Proviamo almeno a giocare il pallone, ecco. Certo siamo sempre casuali, completamente privi di un progetto preciso. Il gol di Kean arriva senza preavviso. La butta dentro. Punto. E questo, ovvio, ci dà morale. Se non hai qualità, ti attacchi a tutto. Anche ai piccoli segnali del destino. Il nostro c.t. forse avverte qualcosa nell’aria e si sbraccia, indica aperture e percorsi. Però poi rinfila le mani in tasca e incassa la testa. Rassegnato? Di certo, nei suoi occhi non c’è più traccia della sua celebre brace.
Ecco: adesso fa uscire Tonali, anche lui in difficoltà, impreciso, e fa entrare Raspadori. Sembra una mossa inutile. Ma neanche il tempo di valutarla, che Kean s’inventa un altro gol. Siamo 3-2, con i tedeschi che appaiono un po’ sorpresi. «Italiani sempre crante fottuna», soffia un cronista locale. Sì, però fai il bravo e pensa a scrivere. La verità è che i suoi hanno meno gamba. Meno testa. Sono in affanno.

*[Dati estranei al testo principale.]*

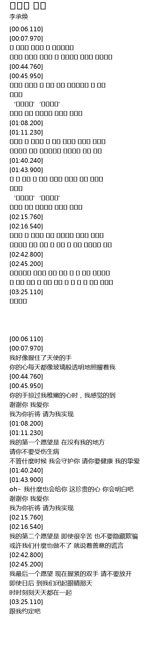 | [00:17.440] | 나 어쩌면 천사와 손 잡았나봐요 |

L’arbitro, il polacco Marciniak, ci fischia un rigore a favore. Ma dai? Ma che fico. Che bellezza il calcio. Solo che poi l’uomo vestito di nero, tomo tomo, va a rivedersi l’azione al monitor. E perché? Arbitro, era fallo netto. Macché. Mezzo sguardo, e ci ripensa. Rigore annullato. Però poi ce ne dà un altro. Batte Raspadori: 3-3.
E allora che dobbiamo pensare, adesso: è stato un bel pareggio? No.
Abbiamo tutti visto troppo calcio per raccontarci una bugia così.